The Art Matters general meeting, where students would be able to get involved by being a part of the BoD, was set to be on Nov. 28, but has since been postponed due to failure to book space.
Shea said that it should happen in the next week or two.
Although the general meeting has yet to be planned, Shea and Glenn are confident that their hopes for the festival are feasible and that their optimism for an all-inclusive festival is going to appeal to the student body in a very real way.
“Clinton and I were both involved as curators and for both of us it was a really amazing experience. So we decided to take on the festival as organizers this year,” said Shea. “We really hope that it’s going to be as much of a great learning and fun experience as it was for us [last year].”
From their previous participation in the festival, they are approaching this year’s edition with a set of ideas already in place. But there are still some roadblocks.
“I think for the majority, yes, there are a few unknowns there, and a few projects that we want to work on and, whether we can implement those or not—to be honest—a lot of it has to do with bureaucracy and red tape,” said Glenn.
“But I think, given that we have ideas of what we want to do and know how to do them, I think that we will accomplish everything we want to accomplish. Art Matters sort of reinvents itself every year; the whole look of the festival is different from year to year.”
Art Matters Through the Years
2001:
The Faculty of Fine Arts celebrates 25 years at Concordia University—and Art Matters begins. The festival, designed to bring awareness to the oft-ignored faculty, wins the Quebec government’s “Forces Avenir” award for student initiatives.
2002:
In its second year, Art Matters receives double the proposals, 120 to the previous year’s 60, and lasts 14 days instead of 11.
“Far too often, Fine Arts are the first thing to be cut, in both education and in grant funding […] We’re trying to send the message that art does matter.”
—Katherine Harris, 2002 Festival Coordinator
2003:
Art Matters expands to include venues outside of the university, while the Concordia Student Union turns the Hall Building mezzanine into an activist art space, holding teach-ins on displaying political art.
2004:
“Fine Arts students aren’t the only ones who make art––they just happen to be doing a degree in it.”
—Rachel Dhawan, 2003 Co-Producer
Art Matters attracts a record 250 artists—and now includes students studying in philosophy, anthropology, mathematics and the liberal arts.
2007:
“This festival is a clear declaration that what students are exploring, creating and contribution is relevant—and very much matters.”

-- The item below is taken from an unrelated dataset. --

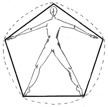 Le zone di movimento delle parti periferiche del corpo individuate da Laban per mezzo della figura geometrica del pentagono visualizzato in relazione alla cinesfera.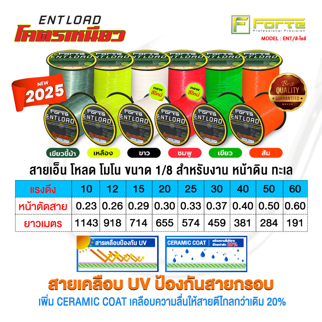 สายเอ็นโหลด ENT โมโน สีสะท้อนแสง ขนาด 1/8 สำหรับงาน หน้าดิน ทะเล

—Jim Verburg, 2007 Co-Producer and Artistic Director
2008:
Art Matters runs over a two-week period, expands to 11 new venues and doubles the exhibitions from 2007, to 35.
2010:
Art Matters turns 10!
“I think that Art Matters can prepare student artists for—I hate saying it—the real art world. Although, at this point, I do feel we’re part of the real art world.”
—Patrick Lloyd Brennan, 2010 Co-Producer
2012:
120 Montreal-based undergrad artists participate in 13 exhibitions, now held in different boroughs around the city.